The Land of Propaganda

2 min read
The Land of Propaganda
Acrylic painting of a ship at sea on fire by Art Stardust.

This piece was first published on Substack on July 4, 2023.

For as long as I can remember, my mom started every November with reading a book called “Stories of the Pilgrims” by Margaret B. Pumphrey. We were homeschooled, and she would read out loud in the morning while we sat around the kitchen table coloring. The book began with the Puritans hiding and having church in secret. It followed them in their escape to Holland before crossing over to America in the Mayflower. It described the first Thanksgiving as a celebration of freedom to practice their faith.

The history of the United States according to conservatives never looks beyond the simplicity of these stories written for white Christian children. Every 4th of July, my family would celebrate with abandon our freedom to worship god. We watched the Schoolhouse Rock videos as part of school, too, and they were equally simplistic: the Boston Tea Party was a revolt against taxation without representation, and “that’s not fair,” it explained.

In this narrative, the history of Indigenous people is glossed over.
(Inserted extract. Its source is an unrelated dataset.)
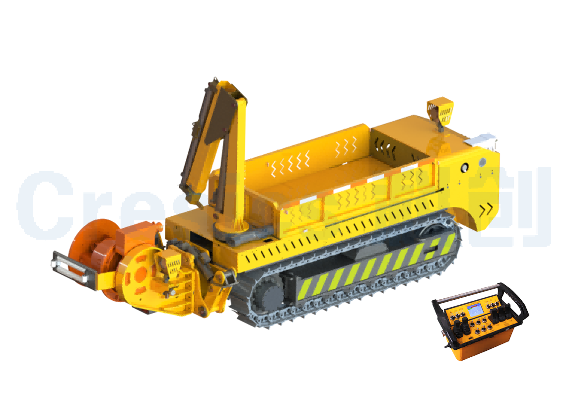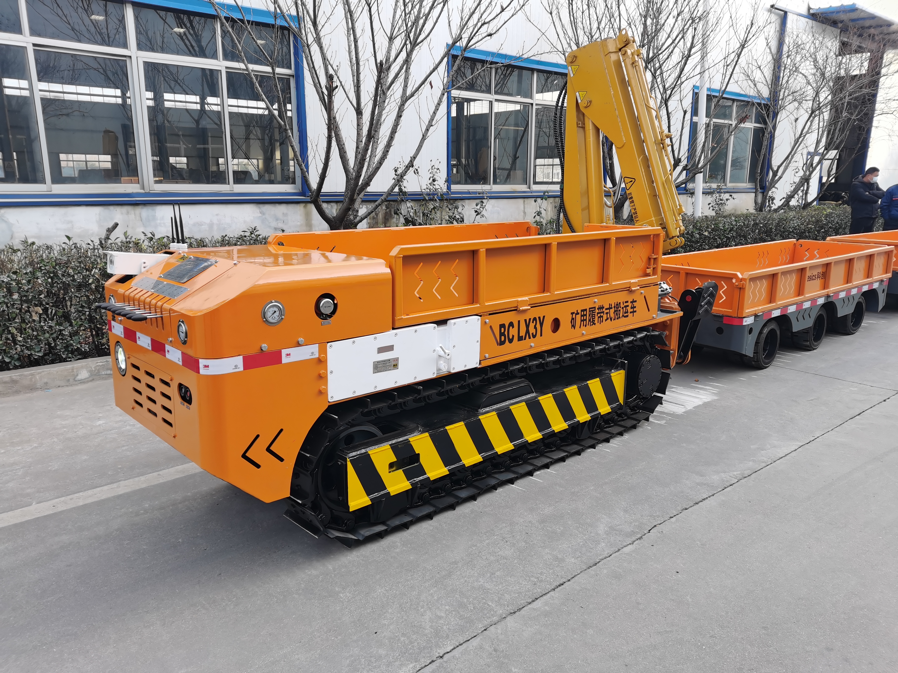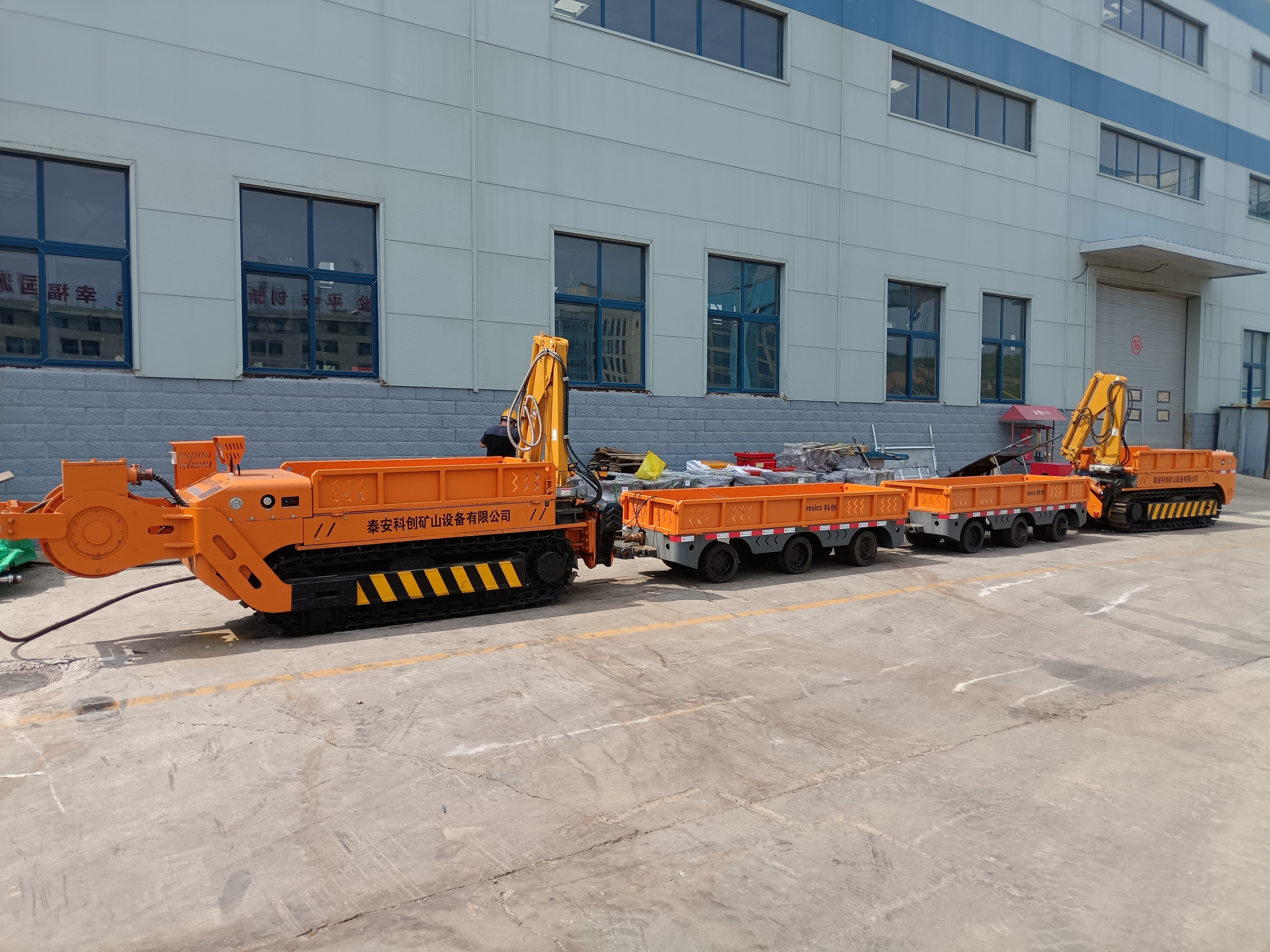 目前掘進作業中,受巷道空間條件所限,膠輪車等運輸車輛只能把輔助材料運到距離迎頭 50 米處,然后 由人工推、拉、扛等方式把物料卸到迎頭位置,長期以來無法實現機械化運輸輔材,該工藝工人勞動強度大, 工作效率低,安全隱患多。減輕職工勞動強度,提高人工效率,改善作業環境,探索無人化或少人化輔助運輸 技術,成為急需解決的問題。

The native people on this land just mysteriously died off. There weren’t that many of them anyway to begin with, I was told.

Likewise, slavery was hardly mentioned. I remember reading more about it on my own in books from the library than being told about slavery by my parents. Anyway, white northerners ended slavery because it was wrong, and Lincoln was the hero who signed the Emancipation Proclamation. My dad read a book about Lincoln out loud to us over breakfast.

Questioning my upbringing happened in layers. At first I wondered if there were solid answers to my theological questions. Then I started to see the connection between the patriotism and the religious fundamentalism: they were the same flavor.

I stopped feeling so patriotic when I saw the reactions of the people around me to the death of Mike Brown in August 2014. The event was so horrific, and while I was enraged and wanted to join in the protests, there were so many people expressing doubts about the reports. Nearly nine years later, the police have only been emboldened and encouraged to kill the marginalized with little, if any, consequence.

The truth about this place we call the United States of America is that it was founded on the darkest terms of genocide, slavery, and war. What was downplayed or ignored in my homeschooling doesn’t get much more coverage in public schools, either.

Today, the marginalization of Black, Indigenous, and/or People of Color continues. Slavery is not over, it is simply hidden behind the walls of prisons. The prison-industrial complex is highly profitable for a wide variety of corporations. Poverty and immigration are criminalized, not solved, when people try to better themselves in this country. Capitalism is lifted up as a provider of opportunity but it serves only to exploit and oppress.

Christian indoctrination and American exceptionalism are both major elements of the propaganda machine. I grew up hearing that “other countries feed their people propaganda” in the same breath as “we are the best country in the world!”